Work Therapy
18 February



I'm not sure whether or not there is an element of irony in this posting's title or not.

Certainly, it is good to have some routine returning to my life and it is good to be back out of the house and among people again and it is good to be contributing but those are mostly head things and speak little of the heart.

My meeting with Janet and Colin at work last Friday was a crushing and dispiriting affair. As so often with management, they came to the meeting with a worked out proposal that was their only position. It really felt like a take it or leave it situation. And what was on offer was at the very bottom end of the scale of what I felt I wanted - a week of half days, followed by immediate full time work and the offer of an immediate introduction of a four day week with Mondays being the day off. And I was expected to take immediate decisions.

Maybe it's difficult for them both to comprehend the changes in me because they have only ever previously experienced me as a self-confident and assertive colleague who is not afraid to argue his case. However, I currently don't feel capable of standing my ground.

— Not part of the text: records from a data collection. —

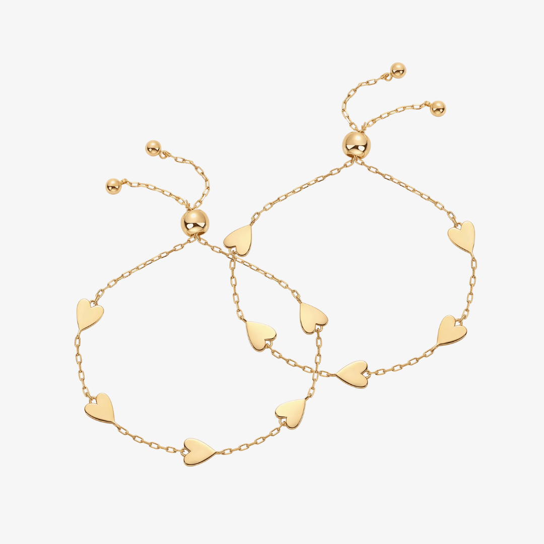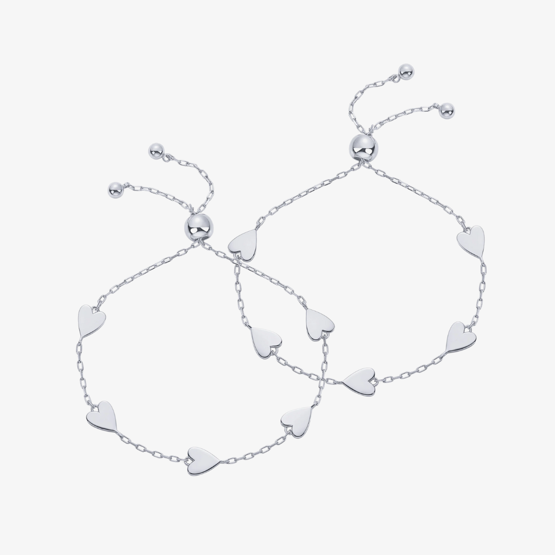 Enhance your elegance with our matching Infinity Hearts Duo Bracelet. This refined pairing showcases two bracelets adorned with exquisite filled heart pendants. The adjustable length offers versatility—wear them individually or bestow one upon someone special. An ideal accessory to infuse your ensemble with subtle romance and polished charm. This is the perfect matching friendship bracelet duo.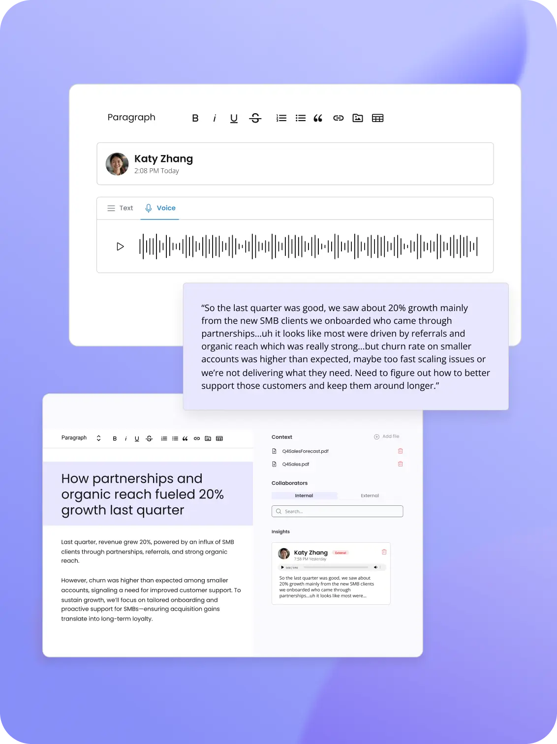 - Turn your team's expertise into reports, articles, and sales collateral distributed across channels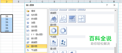 选中所有的数据,插入环形图,选中环形图。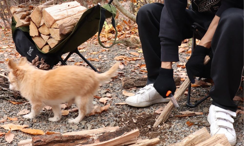 薪はキャンプ場で購入し、YouTubeで学んだ「バトニング」や「フェザースティック」にもチャレンジ。
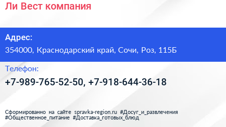 Ли Вест, компания по адресу 354000, Краснодарский край, Сочи, Роз, 115Б в дальнейшем Организация, размещена в следующих категориях: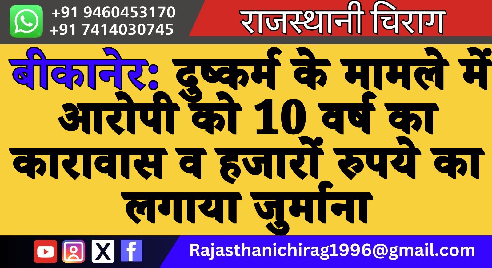 बीकानेर: दुष्कर्म के मामले में आरोपी को 10 वर्ष का कारावास व हजारों रुपये का लगाया जुर्माना
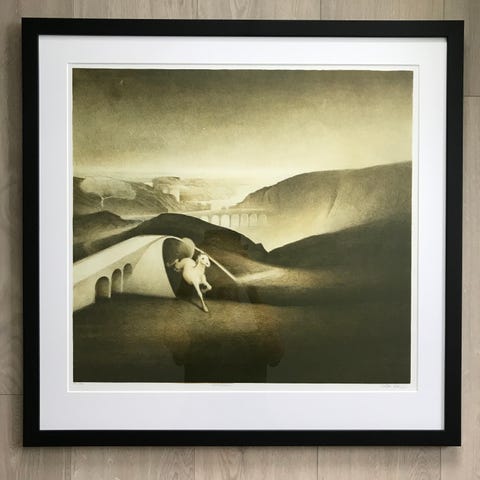 Flott/stort Litografi E.A. "Badeengel" Signert Vebjørn Sand. Ny innramming med AR70 Kunstglass.

What I did manage to resist was the pressure to make promises I don't feel I can keep (I have no idea how long I'm going to feel on less than top form) and the pressure to agree to changes in contractual agreements there and then. In both cases, I placed my side of the argument into emails which I sent later. I feel happier about this. Even if I wasn't able to say things face to face, there is now a record of how I felt and what I wanted which can be referred back to later if needs be.

Ross had to put up with a very mopey David over the weekend. When I checked, I had lost some of the weight I had begun to put back on and the stress inventory which we have both been doing had crept back up for me if not to the high levels that it was in mid-January.

I had a calming drink with Roland and his Colin on the Saturday afternoon. Roland gave me the miniature synthesised radio which he had ordered for my Christmas present. It has arrived at a good time as I made use of it to listen to music on the bus whilst travelling to and from work. Both sympathised with my position and told me to hang on in.

It was much the same at Quakers on Sunday. However, being held in the light by my Quaker brethren will do me no harm at all. The good part of the meeting was being given some information about attenders gatherings this coming year. I hope to go to one at Swathmore Hall in the Lake District.

Monday was strange. Everyone at work was very nice and solicitous to the point of making me quite upset and tearful. I did very little apart from sort out some administrative business like my time sheets and email but I felt exhausted simply by being in the building.

Dr Dye had warned me that this would be a time of anxiety and so it was. On the Tuesday, I had a mild panic attack after I had been down in the basement area for a while. On the Wednesday, I felt even worse after I sat in on one of the training sessions and realised just how little I know and how difficult I am finding it at present to remember new information.

None of this has been particularly helped by the managers. Colin called in briefly on the Monday avowedly to check how things were going but in reality paying little attention to my answer and moving swiftly on to wanting to know whether I wanted to go to a four day week. I told him I did and put most of my reasons into an email. I saw him again the following day when he called on me not to make any up beat comment about the positive suggestions I had made but to tell me that he couldn't make any cast iron guarantees about future deployment. He's not followed that up with an email so there's no record apart from this private journal entry that the conversation ever took place. He's really not very good at the Human Resource game.

As for my project manager, Jill, the only time I saw her all week was when I asked for a meeting on the Monday. Other than that I have basically managed myself. In many ways I would prefer that. But I've basically been dropped because there's other more pressing issues elsewhere.

At least I was able to intersperse things with some family business. It being half term, my sister Linda and my God-daughter Mary came up from Epsom to visit my parents. I met up with them at Lime Street Station on Monday as they arrived by train and then took a trip over to my parents' house on the Wednesday afternoon to celebrate my parents' 54th wedding anniversary.

And I'm looking forwards to having Friday off and, therefore, a long weekend. Not surprisingly, I'm feeling more tired at the end of the week than I was at the beginning. And I'm not at all sure about the long haul yet.